Singular Figures: the development of an exhibition

[photo of Jacquelyn Coutré]
Dr. Jacquelyn Coutré, co-curator of the Singular Figures exhibition. Behind her hangs the enigmatic Portrait of a Girl from the circle of LucasHeere.

On entering the Bader Gallery at the Agnes Etherington Art Centre, the first face one sees is that of René Descartes. The portrait of the philosopher who sought to pinpoint the nature of the self is a most fitting introduction to the exhibition.

Singular Figures: Portraits and Character Studies in Northern Baroque Painting illustrates the new emphasis, in the 16th and 17th centuries, on the individual, especially among artists in Holland and Flanders. Revealing a range of ages and emotions, these portraits seem to invite the viewers into the subjects’ lives, if only for a moment. Certainly, the fascination with the human face is not something new in today’s culture of instant photography and “selfies.” Portraiture reveals human nature and, ultimately, something about ourselves.

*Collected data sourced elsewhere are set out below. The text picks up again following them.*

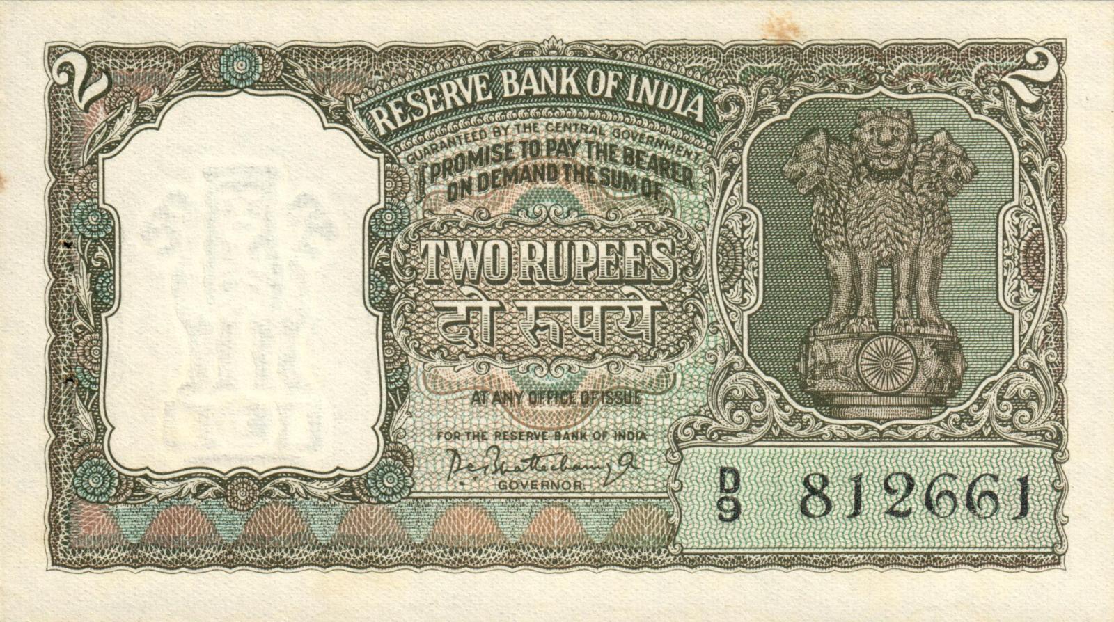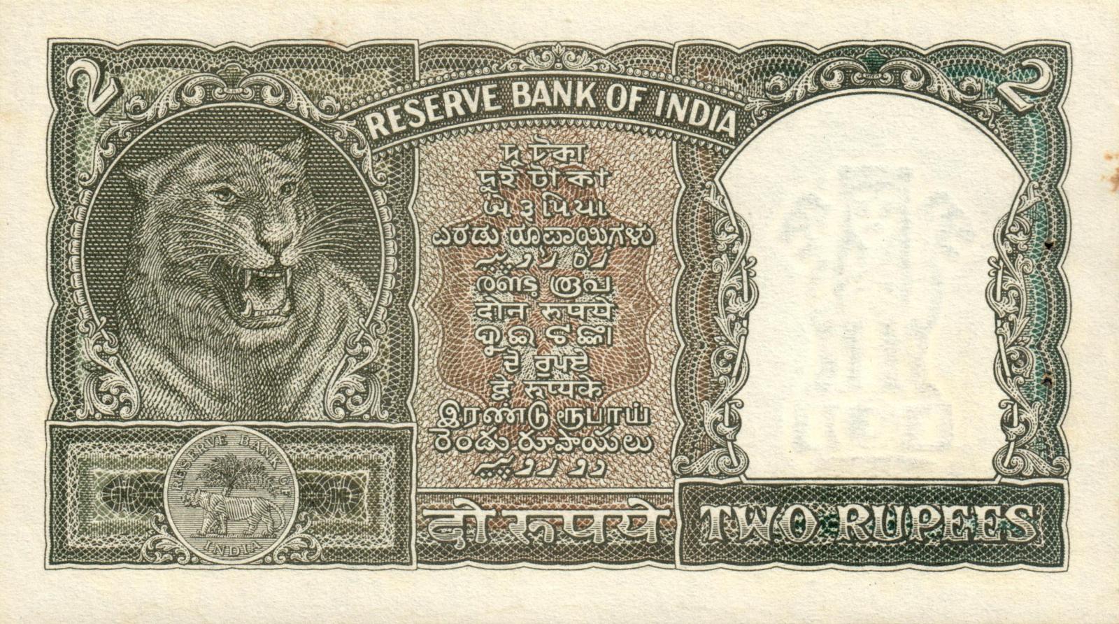 ND. Red-brown on violet and green underprint. Tiger head at left on back. Value in English and error Hindi on face and back. English numeral 2 at upper left and right. Seven value test lines on back; third line 18mm long.
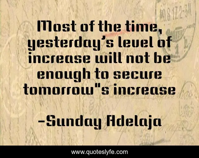 This page presents the quote "Most of the time, yesterday’s level of increase will not be enough to secure tomorrow"s increase". Author of this quote is Sunday Adelaja. This quote is about secure, level, tommorow, yesterday, increase, most, enough, time,.
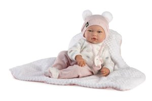 Miminko bez zvuku s vinylovým tělem s možností koupání, na kterém je zachycen doslova každý detail dětského tělíčka včetně roztomilých miminkovských faldíků a pohlaví.
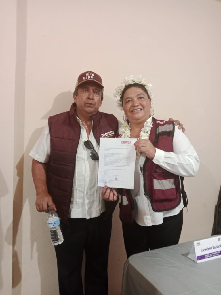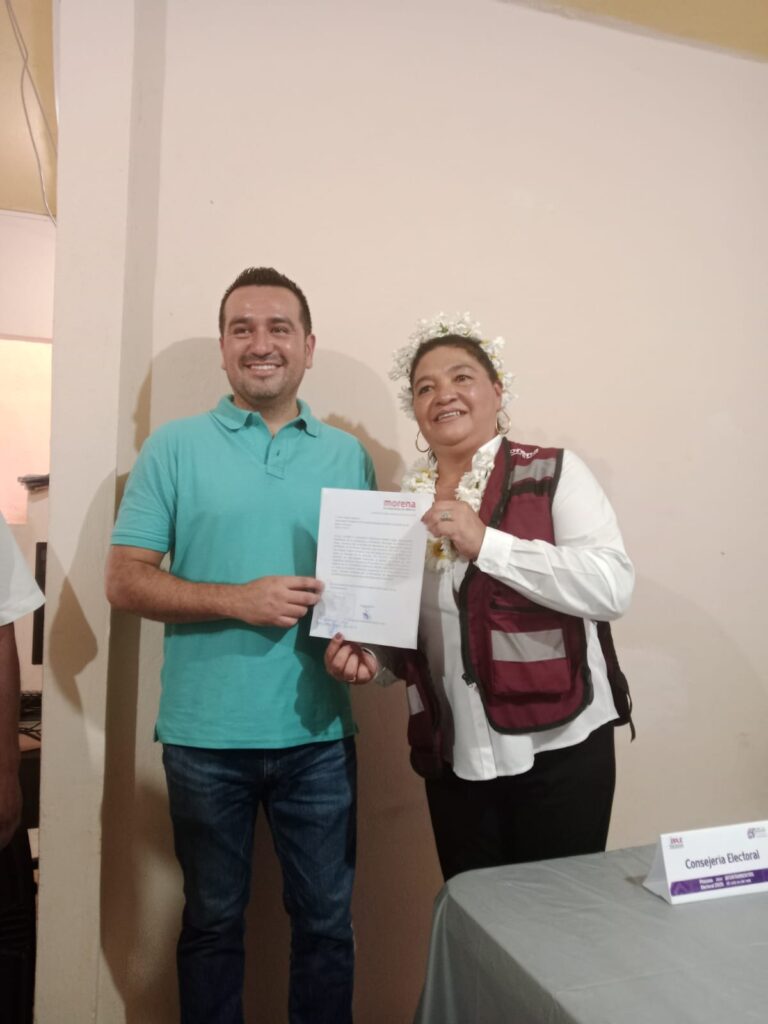 Acompañada por su suplente profesora Reina Tejeda; Enrique Espinosa, como candidato a síndico; Yadira Bernabé, Abraham, María Fernanda Hernández Muñoz, Gilberto Ramírez como candidatos a regidores, recorrieron las principales calles de la cabecera municipal para presentarse ante el OPLE.
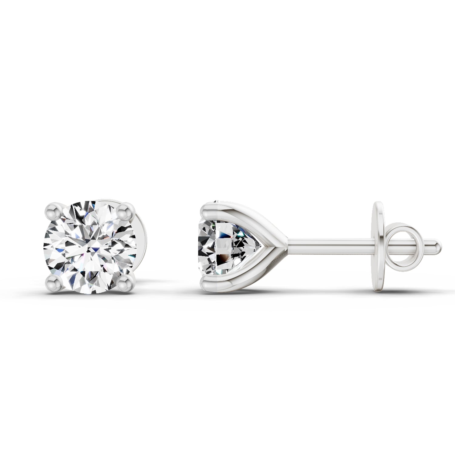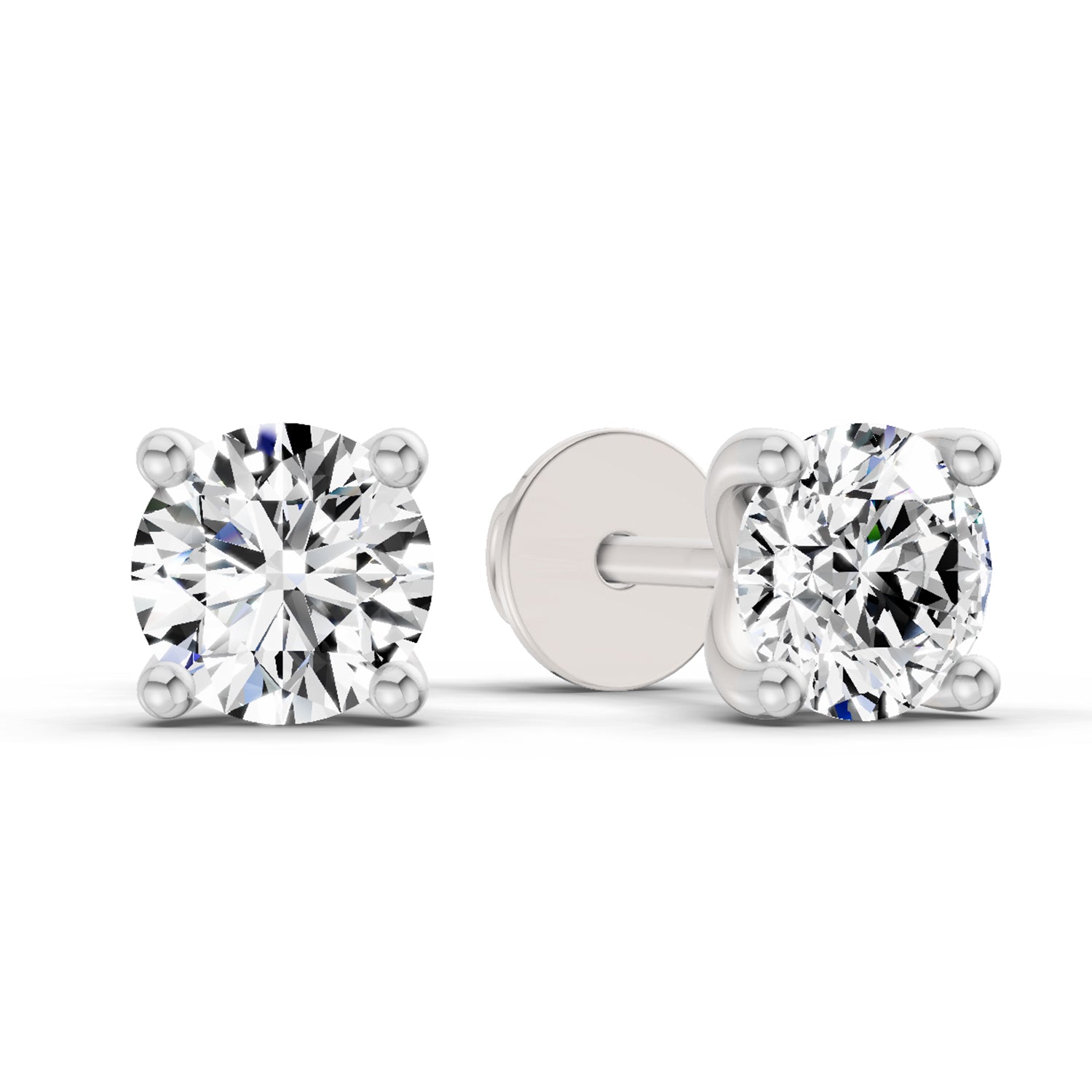 0.5 Ct Round Shape 4 Prong Solitaire Diamond Stud Earrings | 14K White Gold
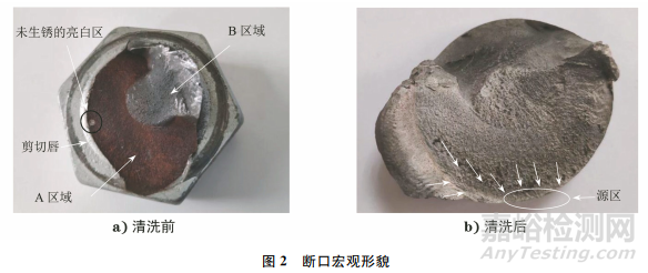 觀察六角頭螺栓斷口,發(fā)現(xiàn)斷裂發(fā)生在螺栓頭下圓角處,斷裂六角頭螺栓宏觀形貌如圖1所示。整個(gè)斷面分為2個(gè)區(qū)域:A區(qū)域和B區(qū)域(見圖2)。由圖2可知:A區(qū)域覆蓋有一層較厚的銹漬,約占整個(gè)斷面的2/3,該區(qū)域還存在一處未生銹的亮白區(qū),亮白區(qū)相對周邊稍有凹陷且緊靠螺栓頭部圓角處,最深處距離圓角邊緣約2.0mm[見圖2a)];將銹漬清洗后發(fā)現(xiàn),原生銹部分?jǐn)嗫谳^為平整,具有脆性斷口的特征,斷口人字紋向表面匯聚,該處為發(fā)生斷裂的裂紋源區(qū)[見圖2b)];B區(qū)域斷口新鮮,為安裝時(shí)瞬時(shí)斷裂形成,斷口邊緣具有明顯的塑性變形和金屬光澤的剪切唇。
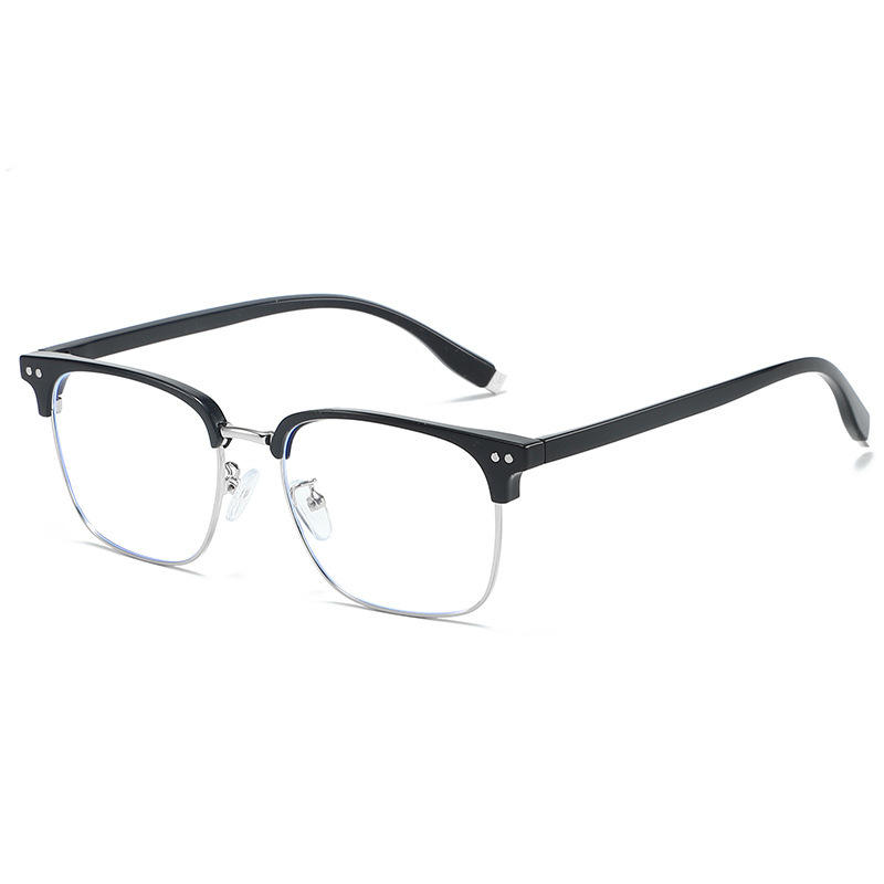 31132 Montura de Gafas Rectangulares de Media Montura para Hombre, Lentes de PC con Protección Anti-Radiación y Luz Azul, Antireflejantes, para Visión de Cerca
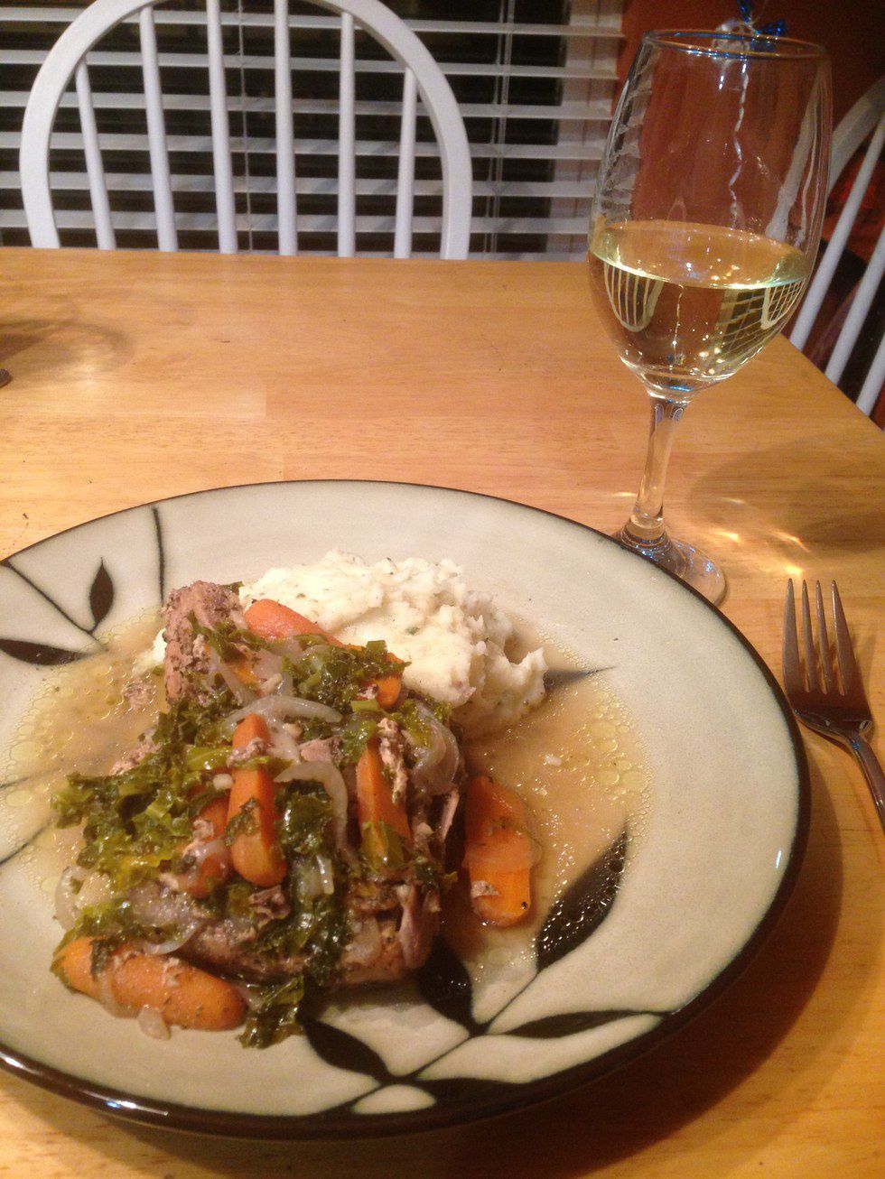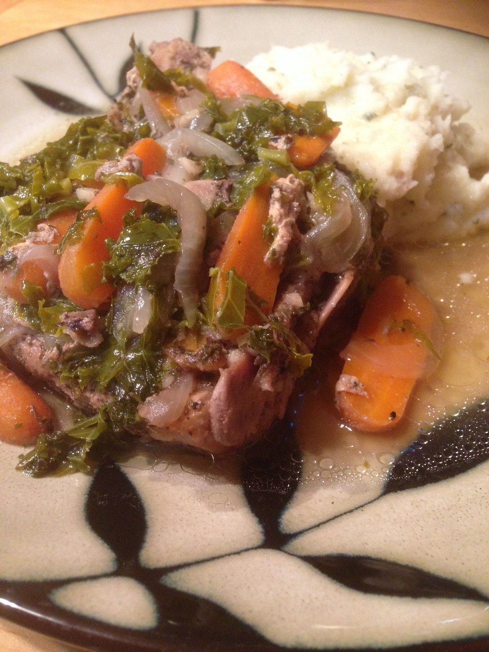 8. Uncover pork chops and add kale. Bake for another 10 minutes or until kale has slightly wilted. Add salt and pepper to taste. Serve with rice or potatoes.
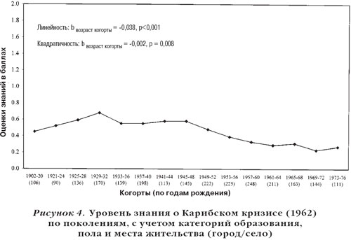 Наконец, хотя влияние поколения и возраста формально разграничить нельзя, мы предполагаем, что категория возраста играет определяющую роль в облегчении кодирования события, но после кодирования и переноса можно различать, что является эффектом когорты, а что эффектом исторического периода. Это предположение подкрепляется теоретически сформулированными прогнозами о нелинейности связей между поколениями и знанием.
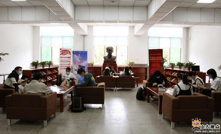 [本站讯]4月21日,山东大学图书馆宣传与阅读推广中心、文学生活馆联合国内二十余家出版机构和文化品牌共同发起的“阅读一小时”活动举行。活动以“阅读,看见世界的回声”为主题,吸引一校三地九馆130余名学生参加,为同学们提供了一片宁静安和的港湾。
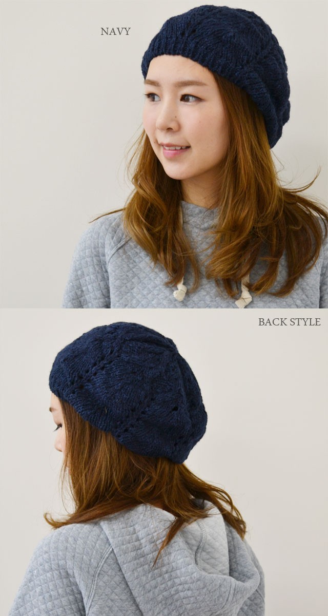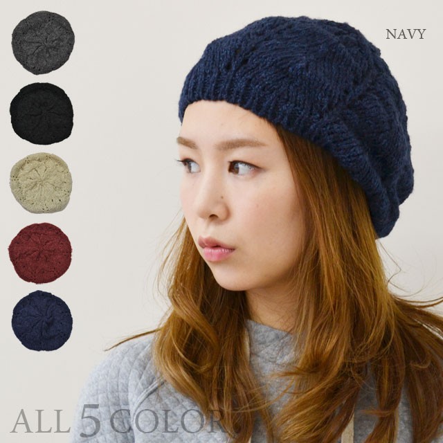 ニット帽 ベレー帽 レディース 【メール便のみ 送料無料 】 帽子 ウール 模様編み 選べる5色 アクリル混 ベレー 秋冬 メール便×1 デザイン編み

The exhibition was conceived by Stephanie Dickey, Professor and Bader Chair in Northern Baroque Art and Undergraduate Chair (Art History and Art Conservation). When former Bader curator David de Witt left the Agnes to take a position at the Rembrandt House Museum (LINK), Jan Allen, Director of the Agnes Etherington Art Centre, asked Dr. Dickey to develop an exhibition, drawing from the permanent collection, that could be in the gallery for a year or so, allowing the gallery time to fill the curator’s position.

[Jacob van Campen painting]
Jacob van Campen's pensive Old Woman with a Book (1625-1630)

"These are mostly formal, commissioned portraits that celebrate personal achievement," says Dr. Dickey. "Through the use of light, pose, expression and props such as hunting gear, or a skull, or even the choice of clothing worn, we learn something about the person in the portrait."

When Jacquelyn Coutré joined the Agnes in April 2015 as Bader Curator and Researcher of European Art, she immersed herself in the collection, becoming co-curator of Singular Figures with Dr. Dickey.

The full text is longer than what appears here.